Need help with a solution

Flamed Diving

Just recently been doing some revision of the early chapters of my economics textbooks and I cam across a problem that I couldn't find the correct solution for. I must be missing a trick somewhere cause the question looks easy enough and its just simple algebra, so if someone could shed light on this, I'd appreciate it.

Question:

In the following macroeconomic model, the unknowns are Y (national income), C (consumption) and T (tax collection):

Y = C + I + G

C = 2 + 0.8(Y-T)

T = 1 + 0.2Y

I (investment) and G (gov exp) are assumed to be known. Find Y, C and T in terms of I and G.

Seems easy enough, but I can't arrive at the numbers for in the solution provided below:

Substitute the expression for T into that for C and the resulting expression for C into that for Y . Solving the resulting equation for Y gives:

Y = 3.33 + 2.78(I + G), C = 3.33 + 1.78(I + G), T = 1.67 + 0.56(I + G)

.

I know its gonna be something stupid I'm forgetting. Put me out of my misery.

Time Magazine

Pfft, noob :pac:

[latex]C = 2 + 0.8(Y-T)[/latex]
[latex]T = 1 + 0.2Y \\[/latex]
[latex]\Rightarrow C = 2 + 0.8[Y - (1 + 0.2Y)] \\[/latex]
[latex]C = 2 + 0.64Y - 0.8\\[/latex]
[latex]C = 1.2 + 0.64Y \\[/latex]

[latex]Y = C + I + G \\[/latex]
[latex]Y = 1.2 + 0.64Y + I + G \\[/latex]
[latex](1-0.64)Y = 1.2 + I + G\\ [/latex]
[latex]Y = 3.3 + 2.78(I + G)[/latex]

Don't bother your arse revising if it's for a masters, enjoy your time off.

Flamed Diving

Oh FFS...

I forgot about the Y on the left (on the second line of the second section there)... d'oh!

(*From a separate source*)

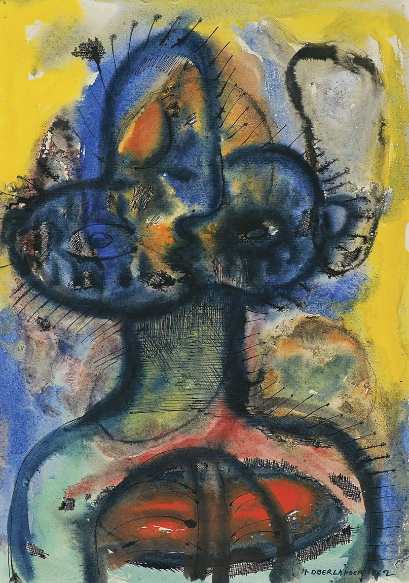 Marek Oberländer (Szczerzec k. Lwowa 1922 - Nicea 1978) w czasie wojny służył w Armii Czerwonej. W latach 1946-48 uczył się w Liceum Sztuk Plastycznych w Warszawie. Następnie w latach 1948-53 studiował w warszawskiej ASP. W 1955, wraz z Elżbietą Grabską, Janem Dziędziorą i Jackiem Sienickim był współorganizatorem Ogólnopolskiej Wystawy Młodej Plastyki, która pod nazwą „Arsenału” weszła do legendy polskiej sztuki współczesnej. Jednym z symboli postawy i stylistyki „arsenałowej” stał się pokazany na tej wystawie obraz Oberländera Napiętnowani. W latach 1956-61 artysta kierował galerią działającą pod patrontem tygodników kulturalno-społecznych, kolejno: „Po Prostu”, „Nowej Kultury” i „Współczesności”. W 1963 wyjechał do Szwecji, w 1964 osiadł we Francji. Mieszkał w Paryżu i Nicei, gdzie zmarł przedwcześnie na zawał serca. Wybór najlepszych prac ze swego dorobku artystycznego przekazał w 1977 Muzeum Narodowemu we Wrocławiu. W latach 50. tworzył kompozycje figuralne o tematyce historycznej i martyrologicznej, często poświęcone – jak wymienieni Napiętnowani – tragedii Holocaustu. Z czasem uprościł i zredukował formy, wzbogacając jednocześnie ich fakturę. Choć z reguły nie przekraczały progu abstrakcji, „Figury” Oberländera, zazwyczaj malowane i rysowane swobodnie rozlewającym się tuszem, stanowią oryginalną odmianę „czarnego”, poarsenałowego informelu polskiego. Po osiedleniu się we Francji artysta częściej malował olejem i gwaszem, wzbogacając i rozjaśniając paletę. Obok malarstwa uprawiał rysunek, grafikę warsztatową (litografia) i użytkową (ilustracja).

Yeah, I was thinking the same but I clearly need to get my mind into maths mode again, I have gotten rusty!

Économiste Monétaire

Time off? Someone needs to up their nerd game . If you have the Simon-Blume book, that would be good to look over, again.

Flamed Diving

The book I am working through is Mathematics For Economists by Pemberton & Rau. Although no book teaches you how not to be sloppy and complacent.

http://www.amazon.com/Mathematics-Economists-Malcolm-Pemberton/dp/0719033411

Time Magazine

Économiste Monétaire wrote: »

Simon-Blume

Nyom. I bought that copy a year ago and it came to €16. A lot better value than the typical €43 price you'll usually find.

I'm very much of the opinion that summertime is for reading those books you've wanted to get around to. Don't bother yer hole studying imho. Go read some Kant or something. Or Antoin Murphy's new book, if you haven't already.

But if you do want to study, go over simple calculus. You don't want to be stuck trying to remember what the first derivative of a log is.

Flamed Diving

The Economist wrote: »

Nyom. I bought that copy a year ago and it came to €16. A lot better value than the typical €43 price you'll usually find.

I'm very much of the opinion that summertime is for reading those books you've wanted to get around to. Don't bother yer hole studying imho. Go read some Kant or something. Or Antoin Murphy's new book, if you haven't already.

But if you do want to study, go over simple calculus. You don't want to be stuck trying to remember what the first derivative of a log is.

Ah, I read my pleasure books too. The way I see it, I am doing cognitive keepy-uppy's. Although I'm spilling the ball quite a bit, atm.

Time Magazine

Flamed Diving wrote: »

Ah, I read my pleasure books too. The way I see it, I am doing cognitive keepy-uppy's. Although I'm spilling the ball quite a bit, atm.

While we're on the topic, if you have a few quid to spare I think you'd do well to snap up the previous edition of Verbeek for €10.

Old edition, but the matrix derivation of OLS and tests for heteroskedasticity haven't changed all that much over the past three years or so.